Components Produced Between 2018 And The Present, Are Affected By The Compromised Accreditation Environment, And No FAA Waiver Can Undo The Conditions Under Which They Were Approved.
Components Produced Between 2018 And The Present, Are Affected By The Compromised Accreditation Environment, And No FAA Waiver Can Undo The Conditions Under Which They Were Approved.
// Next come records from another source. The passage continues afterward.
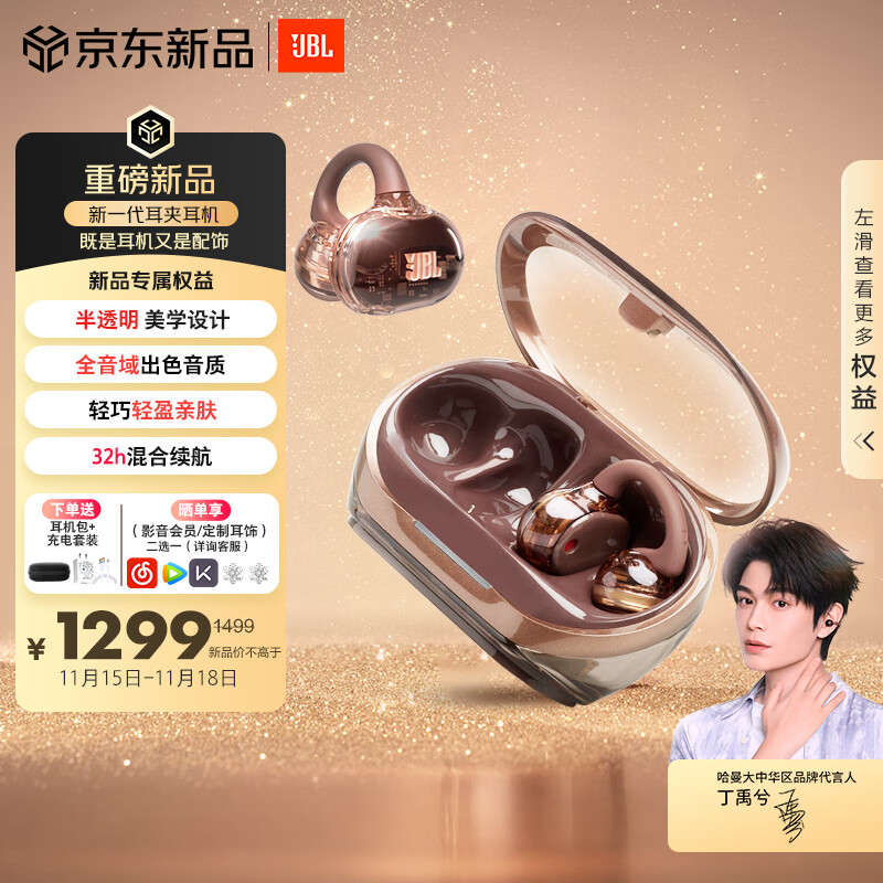JBL 【丁禹兮同款】SOUNDGEAR CLIPS琉璃扣 开放式无线蓝牙耳机耳夹式不入耳挂耳式运动新款 灵琥珀
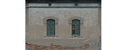 A partir de la fotografía lateral de la casilla, escuadraremos las líneas superior e inferior, así como las laterales, para conseguir una textura de la pared lateral del edificio.Esta imagen la deberemos "limpiar" de elementos molestos (en este caso las sombras de las catenarias) y una vez obtenida la textura a nuestro agrado la ubicaremos en una hoja de texturas. Para este proyecto he pensado que bastará una hoja de 512 x 512 píxeles para las texturas de las paredes de edificio. de esta hoja, reservaremos la mitad superior (altura de 256 píxeles) para la pared lateral, y en este lugar colocaremos la textura obtenida. Se verá una imagen como la mostrada en TxFact01. Podéis "pinchar" en la imagen para verla a mayor resolución.
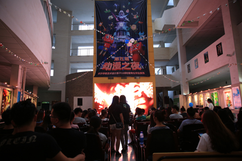晚上7时艺术设计系丹青楼人山人海,热闹非凡,艺术设计系2012级动画“动漫之夜”的动画作品展播拉开序幕。晚会展示长沙学院首部科幻电影《拯救》,该部影片利用三维动画和实拍技术相结合的科幻片。作品展示分为二维动画、三维动画、交互设计、定格动画等几个部分。此次展演展出了与动画学生综合设计能力,作品质量高于往届。大部分学生们与观众都表示,今天的“动漫之夜”是一场视觉的饕餮盛宴,是一次成功的动画毕业作品展示活动。活动连续举办五届,邀请了业界和省内高校学习交流,产生了热烈反响。
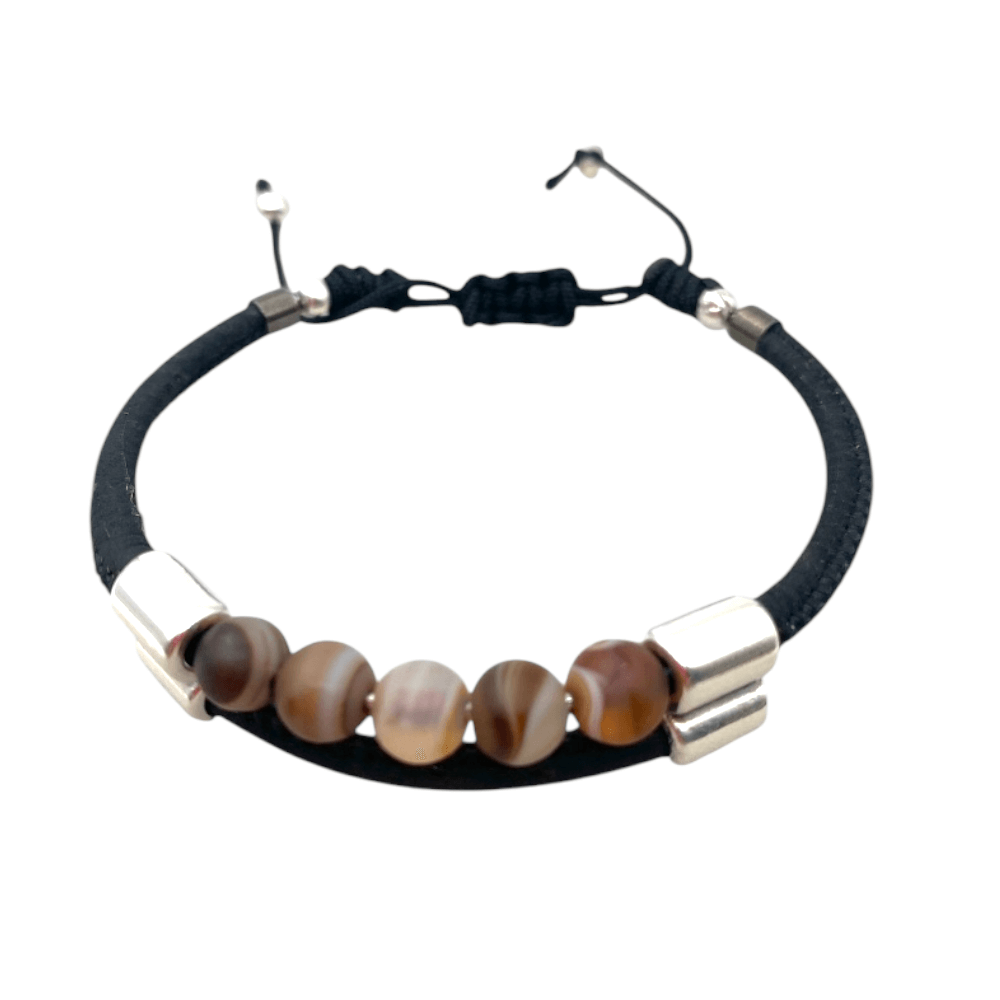 Five Agate bracelet with natural cork in black color
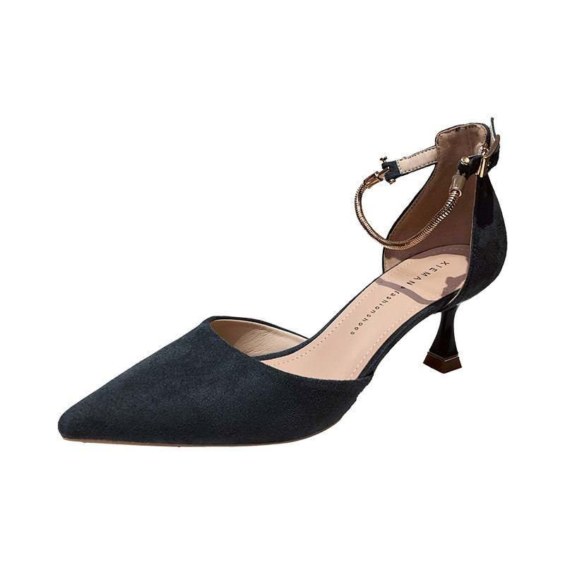 Xi'an high-end single shoes women's 2021 new one-word buckle hollow spring French style medium-heeled pointed high-heeled shoes
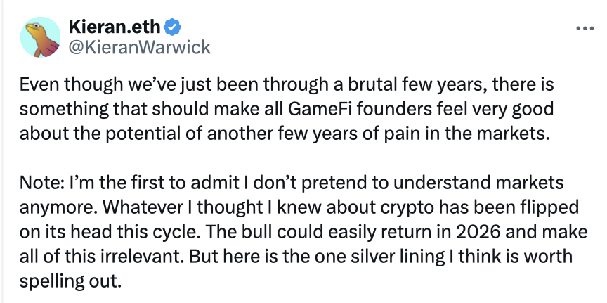 伊留尼姆创始人基兰·沃里克指出,优秀的加密游戏应该具备独立运营能力,而不必依赖强劲的加密市场。他在11月24日的推文中表示:"一款成功掩盖加密体验的游戏,完全有可能在不依赖加密投资者流动性的情况下创造惊人收益。"

STRATFORD, Conn. - Hartok -- Daryl Guberman — a 40‑year Quality‑Systems Expert, CEO of GUBERMAN‑PMC LLC, and Boeing Shareholder — has issued a formal advisory to aerospace manufacturers, suppliers, and stakeholders following the discovery of a significant irregularity involving ANAB and U.S. Department of State Work Order 19AQMM18R0131.Reference: GUBERMAN-ANOMALY-DISCOVERY https://guberman-quality.com/wp-content/uploads/2026/03/GUBERMAN-ANOMALY-FEBRUARY-2026.docx.pdf
Important Advisory to Aerospace Manufacturers
This advisory does not claim that any specific aerospace component, assembly, or material is defective.
However:
Oversight‑Affects‑Products
Because ANAB identified itself as an underwriter in a federal contract, on a private website, and in a technical publication,(pages 4-5 /GUBERMAN Anomaly Discovery)-the oversight environment directly affects aerospace components manufactured between 2018 to present. Components made under those conditions fall within ANAB's claimed responsibility.Aerospace components produced in an environment where the accreditation chain contains false information are affected by that environment, regardless of dimensional accuracy.A waiver from the FAA cannot undo fraudulent oversight conditions or retroactively validate approvals issued under a compromised accreditation environment.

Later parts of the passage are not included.